1. The proceedings, commencing on 27 June 2013, and culminating in the judgment and the order of the magistrate made on the 27 June 2013, as well as the said judgment and order for the admission and detention of Mbijana Luphuwana (‘the accused’) as an involuntary mental health care user, are reviewed and set aside.


2. The matter is remitted to the Magistrate’s Court;


3. The accused shall be caused, by lawful means and procedures, to appear before the magistrate, who shall deal with the matter and finalise it in accordance with s 78 and the other relevant provisions of the Criminal Procedure Act, and in the light of this judgment.


P COPPIN

JUDGE OF THE GAUTENG HIGH COURT


(SOUTH GAUTENG LOCAL DIVISION)


JOHANNESBURG

I agree:

B VALLY

JUDGE OF THE GAUTENG HIGH COURT


(SOUTH GAUTENG LOCAL DIVISION)


JOHANNESBURG



SUMMARY


CRIMINAL PROCEDURE-CULPABILITY- MENTAL ILLNESS OR INTELLECTUAL DEFECT- Making an order purportedly in terms of section 78(6)(a)(ii)(aa) of the Criminal Procedure Act ,51 of 1977, without finding the accused ‘not guilty’, as required by that section, is a material irregularity--making such an order before the accused has pleaded to the charge is , similarly irregular--the section requires the court to find the accused ‘not guilty’, implying that the charge must first have been put and pleaded to by the accused--allowing the state to adduce evidence to prove that the accused committed the act in question without the accused having pleaded to the charge is a material irregularity-- due to material irregularities the order purportedly made in terms of s78(6) and the relevant portion of the proceedings were set aside and the matter was remitted to the Magistrates’ Court in order for it to comply with the law and the applicable procedures.

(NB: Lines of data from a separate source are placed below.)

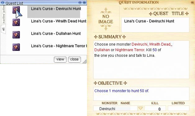 When RO first launched in 2002, the game had quests but absolutely no way to track them. An attempt at a quest log was implemented years later, which consisted of two parts: the quest log window and the quest information window. The quest information window was designed much differently from the quest log and looked out of place from the overall design of the game's UI.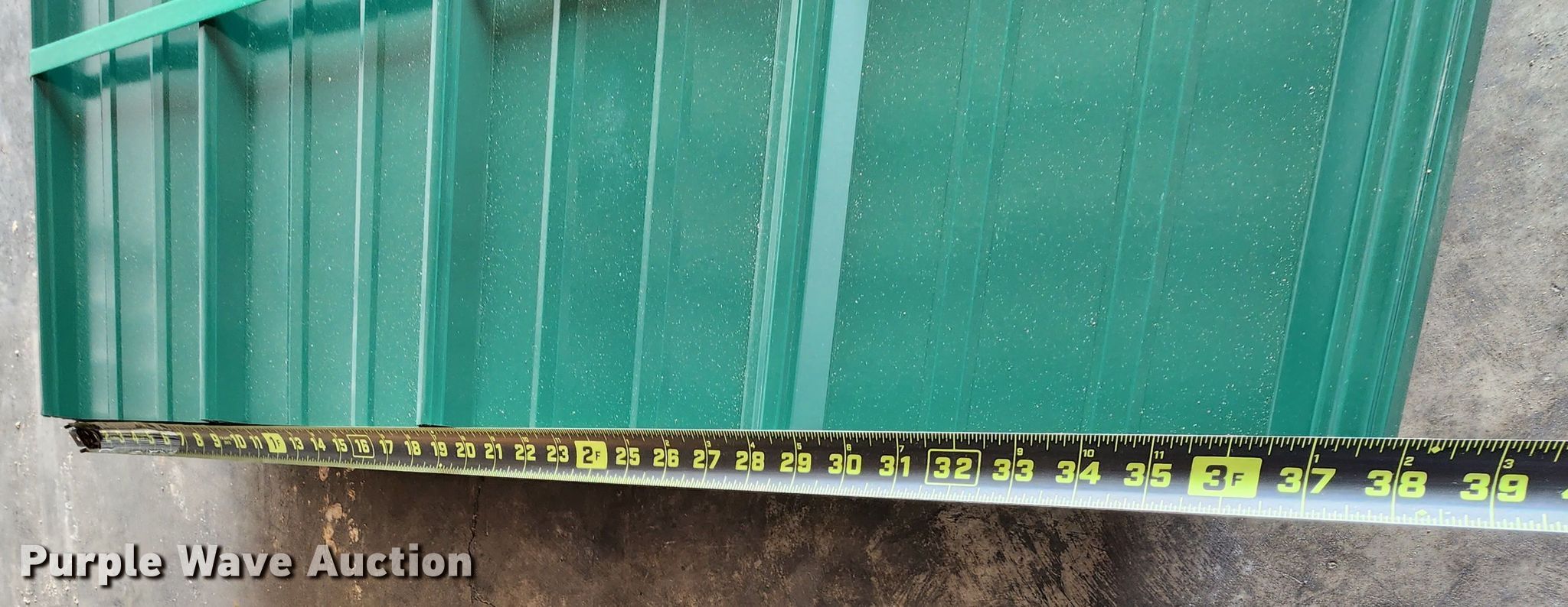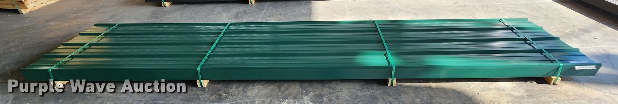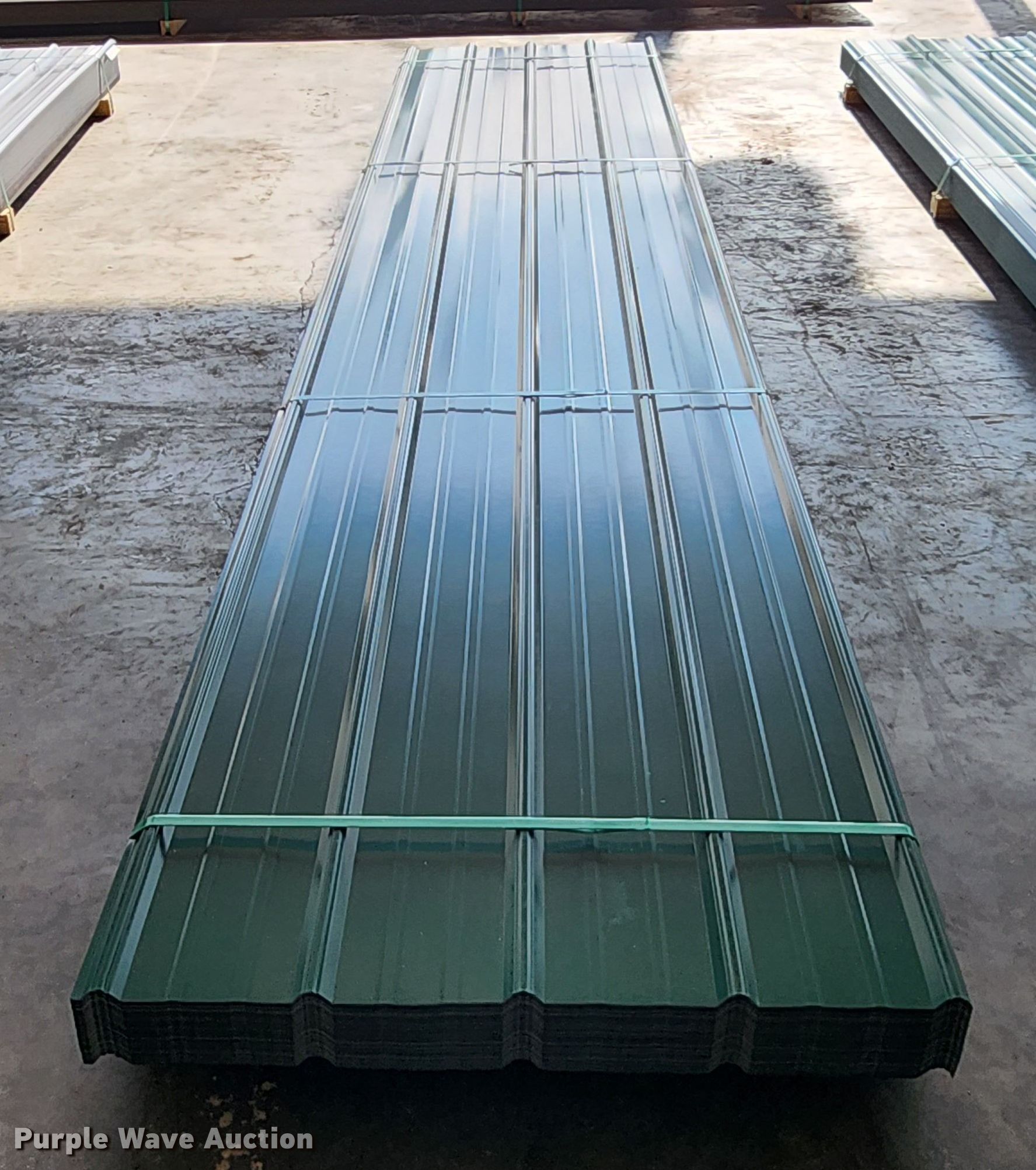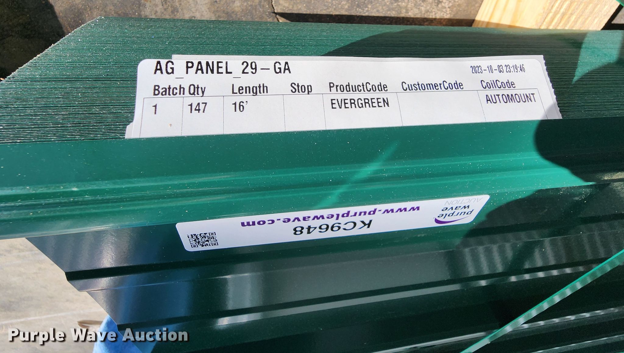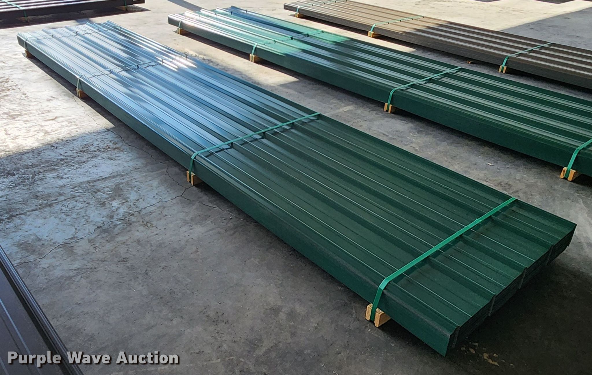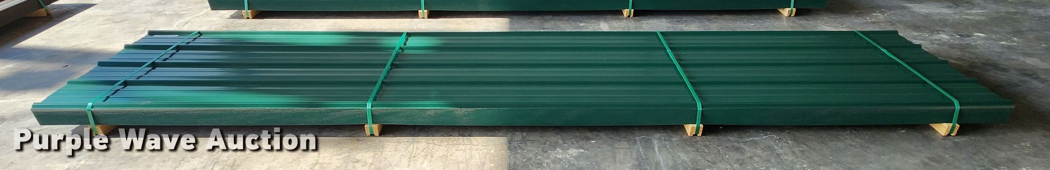 Purple Wave is selling a used Building Materials in Texas. This item is a (147) sheets of Doerkson Metal Components metal siding/roofing with the following: 16' L x 36" W overlap coverage, AG panel profile, 29 gauge, Color: Evergreen, Possible blemishes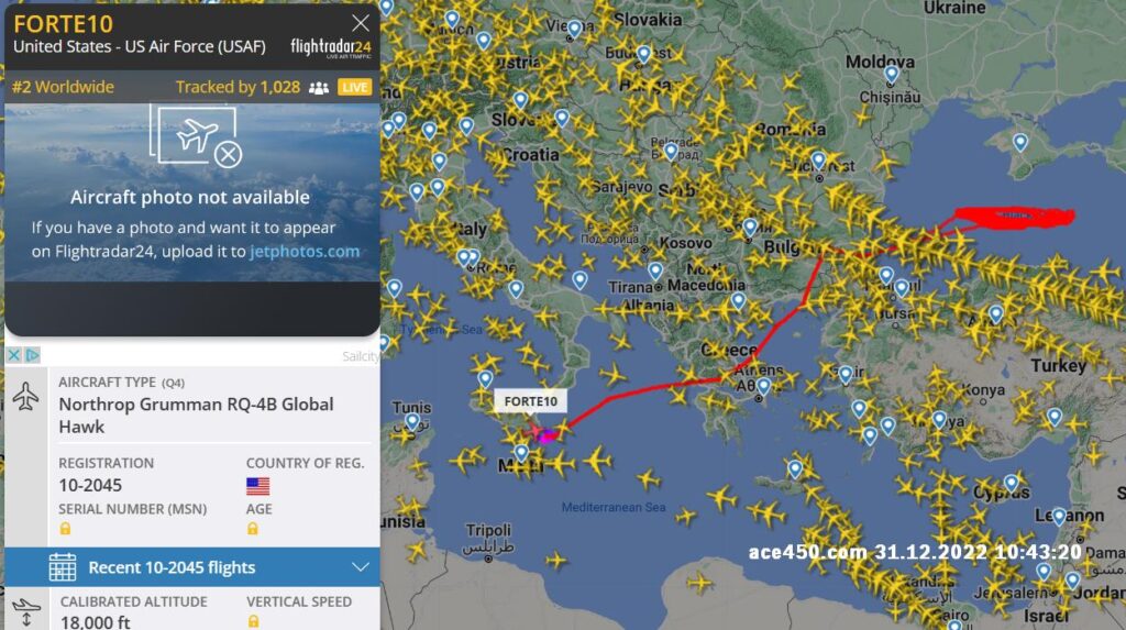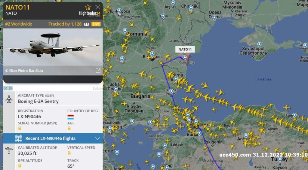 На смену американскому разведывательному дрону NATO 10 Northrop Grumman RQ-4B Global Hawk в регион Черного моря из Турции отправлен самолет-разведчик Boeing E-3A Sentry с позывным NATO 11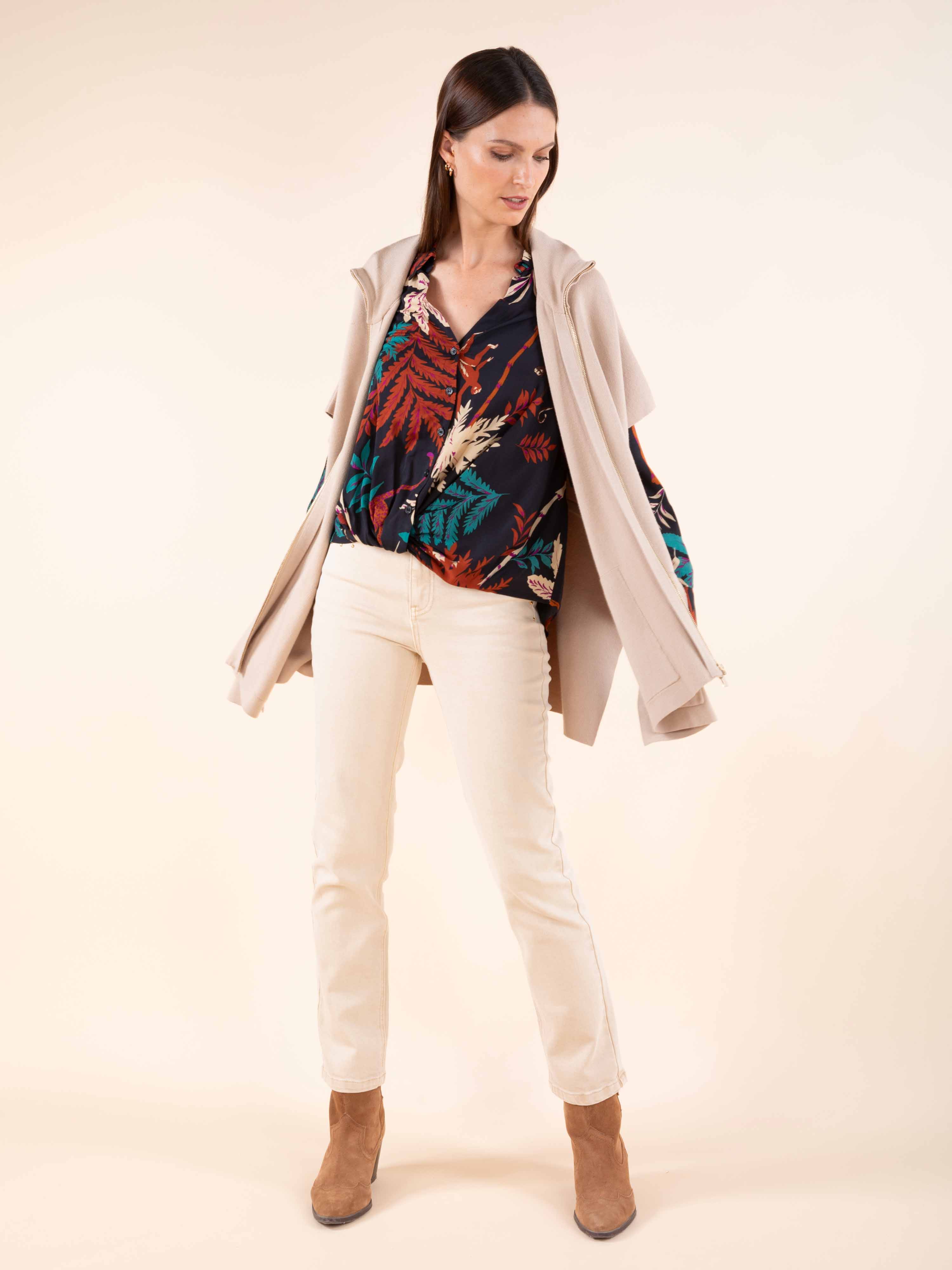 Ce produit taille grand. Nous vous conseillons de prendre une taille inférieure à votre taille habituelle. Anais mesure 1,76m et porte une taille 34.

1 See further S v Mcbride 1979 (4) SA 313 (W) at 317G; S v Ramokoka [2006] ZAGPHC 37; 2006 (2) SACR 57 (W) and S v Magongo 1987 (3) SA 519 (A) at 521G-J.

2 See S v Zuma and others 2006 (2) SACR 69 (D&CLD) par[6] at 74.

3 See S v Zuma and others (supra) paras [6] and [7].

4 Compare the facts in the present case to the facts in S v Dewhurst 2012 (1) SACR 627 (ECP).